03)Redefine SRE Value: The focus of SRE needs to shift from execution to strategy configuration, boundary approval, and agent quality management, which requires clear adjustments in role definitions.
5.6 Emphasize Permission Control and Process Transparency
As AI gains the right to act, for example, executing scripts on servers or performing self-healing actions risks also increase. When implementing AI agents, it is essential to emphasize security control and governance.
01)Implement Permission Control: Strictly control O&M permissions in production. Interfaces requiring manual secondary confirmation can be provided at the API layer for the AI agent.
02)Transparency: More detailed logging and audit functions are needed, allowing human administrators to trace back why an agent made a particular decision.
VI. Current Assessment: Understanding the Present and Judging the Future
A truly "unattended O&M closed loop" (Lv.4) is still a considerable gap to large-scale implementation. The core challenges lie in:
01)Extremely High Reliability Requirements: Autonomous O&M in production systems mean that a single misjudgment could be catastrophic. The reliability of agent decisions needs to be validated across thousands of executions.
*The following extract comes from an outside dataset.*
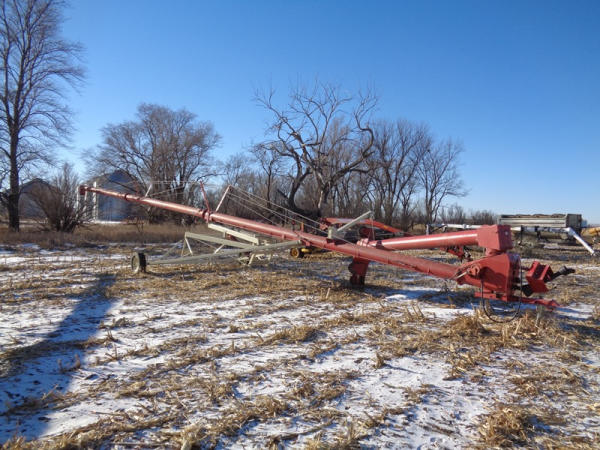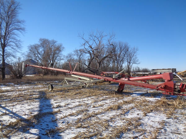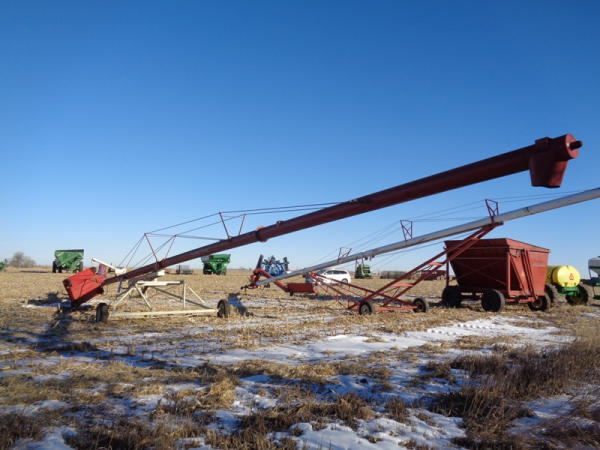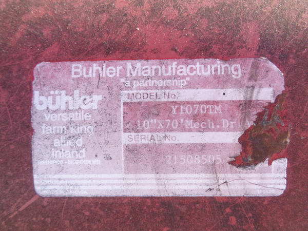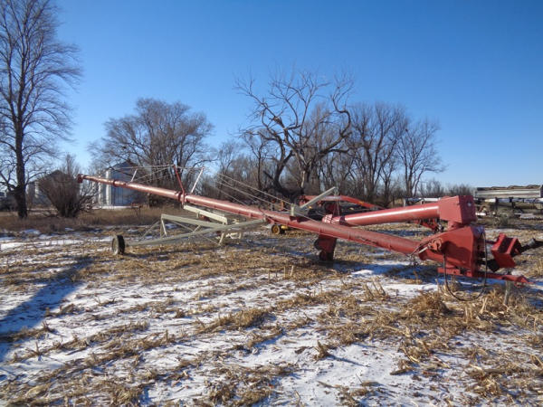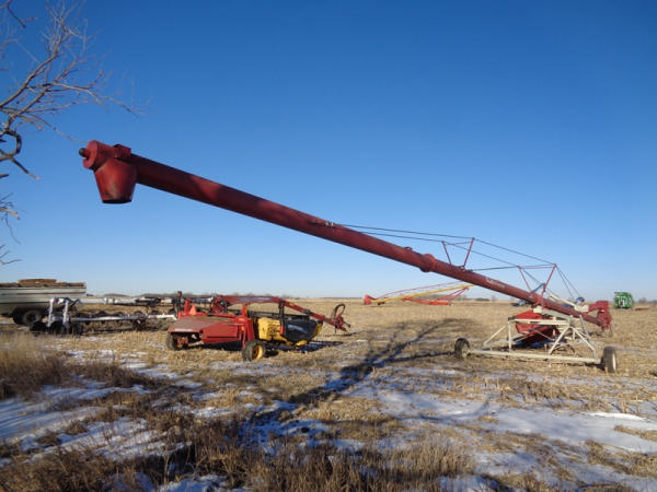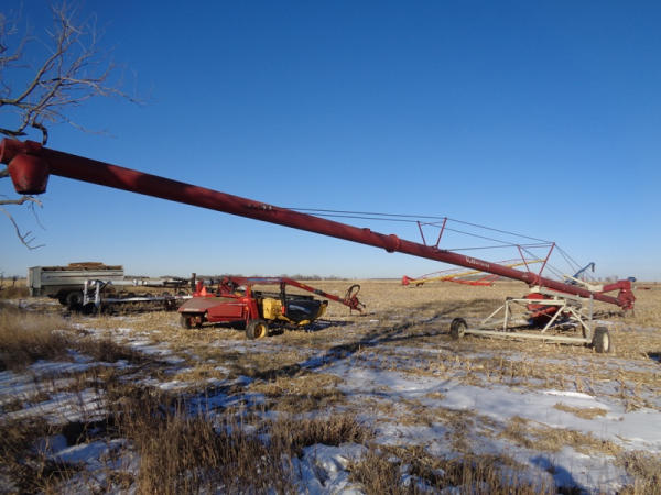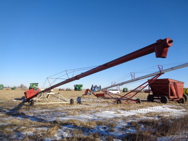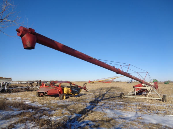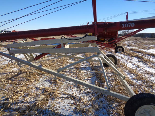 Buhler Grain Auger (PZ8206), Buhler 1070 portable grain auger, swing hopper, PTO, 215/70R15 tires.

02)Complexity of Cross-Domain Collaboration: Lv.4 relies on seamless collaboration between multiple agents (A2A), which requires standardized protocols, shared context, and coordination mechanisms. The industry is still exploring these areas.
03)Organization Trust Takes Time to Build: Even if technically feasible, building genuine organization trust for AI to autonomously execute high-risk O&M requires a substantial accumulation of successful cases and gradually expand boundary of authorization.
04)Data and Tool Barriers Will Become Core Competitiveness: Organizations that are the first to establish high-quality O&M data assets and a rich MCP tool ecosystem will gain a sustained competitive advantage in the AgentOps era.
AgentOps is not a gamble on the future, but a pragmatic investment in strengthening. Starting with efficiency tools, ensuring data quality, interoperating tool interfaces, and accumulating knowledge accumulation, these fundamental tasks undertaken today are precisely the firm foundation for large-scale agent autonomy three years later.